Aqui, passeando por entre cabides de roupa usada e algum cheiro a mofo, penso na palavra «molho» e nas suas variantes. Recordo a sua etimologia. Estou encharcado, acredito seriamente que amanhã vou ficar de molho. Uma cliente levanta um molho de calças, estende-as na prateleira e suplica ainda por desconto. Leva 1,200 kg das de ganga, tudo à molhada. Estranha forma de comprar. Relembro o Brasil, onde a venda do pão e a prática de venda de roupa a peso são artes não tão recentes e perfeitamente aceites. Não sei se existe este modelo de negócio aplicado a roupa nova, nunca o vi, mas também não me interessa para já.

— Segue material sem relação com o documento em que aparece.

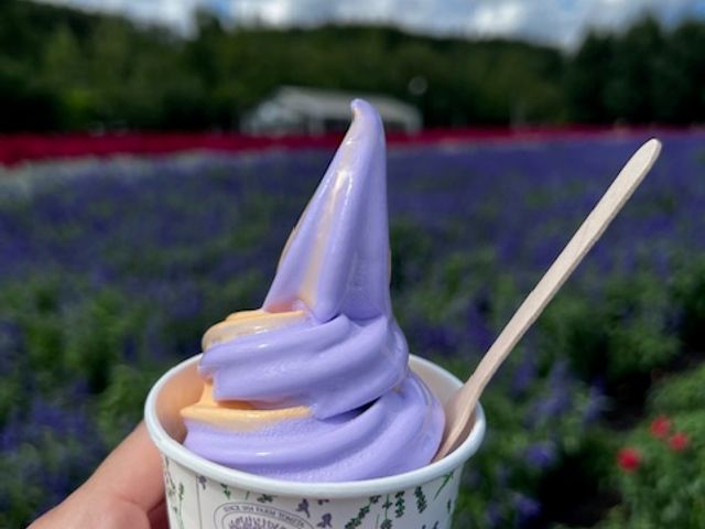 ツアーの最初の目的地は、ラベンダーで有名なファーム富田です。見頃は少し過ぎていたものの、紫色に染まった広大なラベンダー畑からは、甘く爽やかな香りが漂ってきて、とても癒されました。ラベンダーソフトクリームも味わうことができ、五感で富良野を満喫しました。

Hoje analiso o mercado de segunda mão, onde se inclui não só a revenda de produtos usados, mas também os produtos utilizados para doações. Procuro enquadrar o modelo de negócio nos desafios recentes associados à economia circular, nas preocupações globais dos consumidores e empresas relacionadas com sustentabilidade. Através da leitura de diversos artigos interessantes e até de algumas estatísticas públicas, tento perceber o impacto no retalho nos anos vindouros, não só no físico, mas também no retalho em linha. Algumas referências e opiniões interessantes, não só enaltecendo o impacto na moda rápida e barata, como a Primark e a Zara, e na moda de luxo, como a Louis Vuitton e a Gucci, mas também, por exemplo, na eletrónica, com a marca Apple. Acredito que empresas como a Farfetch, cujo modelo de negócio se foca em produtos de gamas de luxo, esteja naturalmente atenta a este mercado em constante crescimento. De acordo com empresas como a Thredup, espera-se que o crescimento no vestuário de usados duplique até 2023, atingindo valores de 23 mil milhões de dólares em revenda e 28 mil milhões de dólares em doações.

Regressei apressadamente ao local combinado de mãos vazias. Descobri que, afinal, o meu amigo se tinha perdido pela cidade, desculpa aceite depois de ele assumir o custo do jantar. Há coisas na vida que vêm por bem, por isso devemos sempre aprender com circunstâncias menos positivas. O facto de ele ter chegado atrasado levou-me não só a desfrutar de um belo passeio, mas também a escrever este pequeno texto e a jantar de borla. Não sei se alguma vez irei comprar roupa usada, velha ou semi velha, nem tão pouco se irei ver por Braga alguma loja onde se vende roupa a peso. Fico a aguardar, com ansiedade, o Natal e os momentos em família onde nunca falta roupa nova no sapatinho nem roupa velha no prato, juntamente com saboroso alho e azeite bem português.